Sunday, November 20, 2011

Public Utilities

There has been some attention drawn to the recent state of some very popular Internet companies. On one hand, there is a talk about a new technology bubble on grounds of immense evaluation of some of these companies versus their actual ability to turn profits. On the other hand there seems to be recognition how fundamental these enterprises have become to the fabric of the Internet, and how people interact.

We have companies like Twitter, Yelp, Angies List, Facebook, Groupon, Salesforce and the list just goes on. With perhaps the exception of Facebook, these companies have not found a revenue model that is able to turn profits. Some of these companies have grown immensely, to meet the requirements to become intrinsic part of the Internet. But, what ever growth in income they get is consumed by their growth of work force, required to fuel the increasing demand for these services. The yield ratio is very close to 1 to 1, no matter what size the company.

To turn a profit, these companies would have to hire far fewer people, and in fact, not service the public at large. In other words, some of these companies make sense as a $10 million per year companies, but not as $100 million or something like that. The money is just not there to support profits.

Yet, these companies hire and support thousands of workers. They are being funded by venture capitalists in hopes that a business model is found that can turn a profit.
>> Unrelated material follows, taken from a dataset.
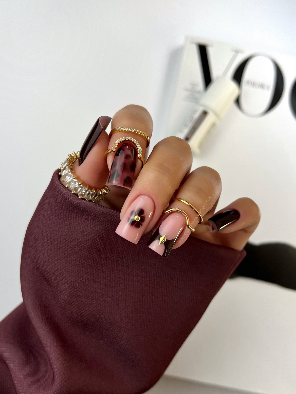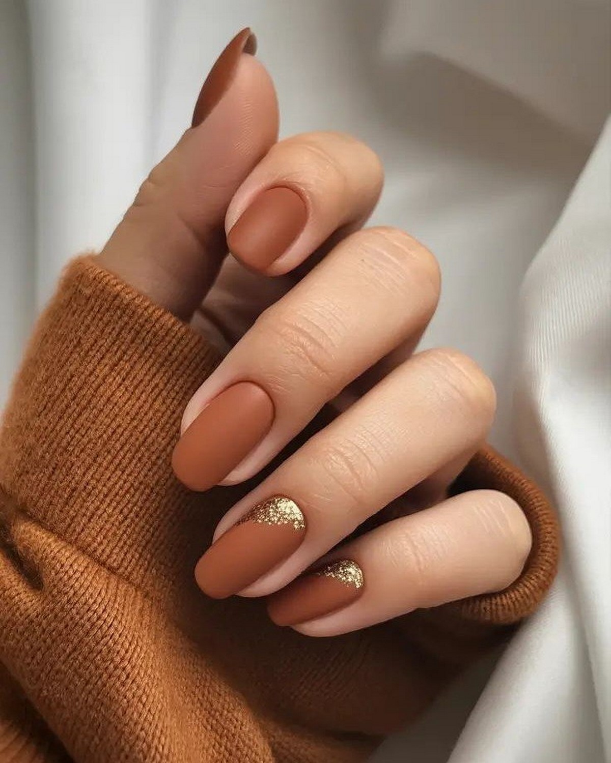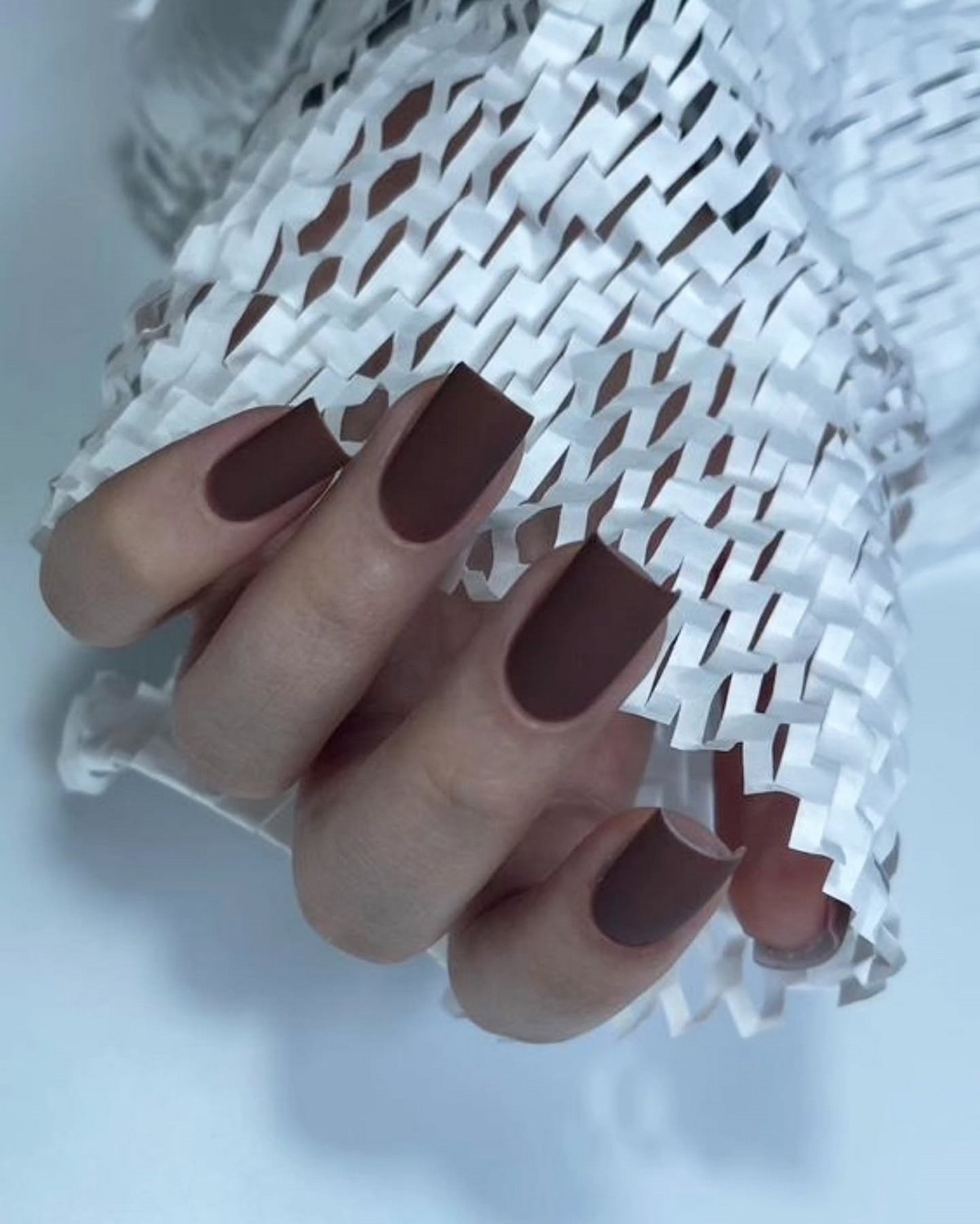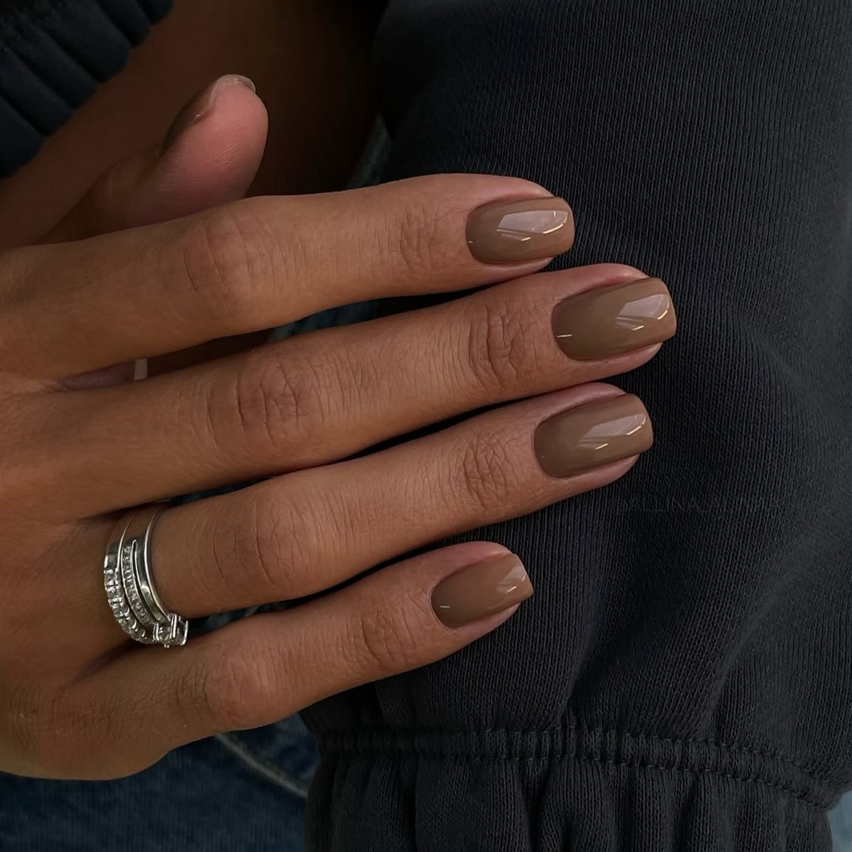 У грудні 2025 особливо популярні шоколадні дизайни з м’яким золотистим шиммером або ледь помітними світіннями по центру нігтя. Такий манікюр виглядає зі смаком і підходить для повсякденного стилю.

But for right now, the evaluations of these companies is solely based on their mere volume of people they are servicing. Customers seem to indicate value, perhaps not now, but some day.

Perhaps, at least for now, you can call these companies public utilities. They are non-profits, funded by a sustainable model, and the growth is often funded by private money, and they service the public at large. They have become an intrinsic part of the fabric of the Internet. Apart from their basic services they often provide a value added interfaces that allow other enterprises to utilize their data in ways that they perhaps did not anticipate. These companies, perhaps, are something you can't control or buy in the traditional sense; you would fail to turn profit for your investment with high probability. In fact, you'd likely lose all value of your acquisition if you tried to change any part of their business with a profit motive in mind. Yahoo tried this with so many ways, and always failed - hence they are in the rut that they are in now. You see, the fortunes of these enterprises rests only on the approval of their users - one wrong move and you are done. Profit motives stink to high heaven with their loyal following.

These companies provide jobs. The jobs pay rather well. These people and companies pay taxes, and the government, hopefully, builds infrastructure to support the structures that make these kinds of services possible. There's probably not that much public money involved in creation of these companies but if the environment is set right, public money does support all this after all. It's a really good feedback loop to have and there are many benefits. The investors and Wall Street types may frown upon this on the long run, but capitalism should not support "finance" or "stock holders", but rather the society and public at large. Profit motives are only sustainable as long as that money goes to investments.

It is interesting that the Internet actually sustains models like these and keeps a kind of a honor system in place. People vote with their attention and time for all kinds of services that they deem useful. The bad ones die away. Tie some kind of "rip-off" mentality to your service and you will die a quick death.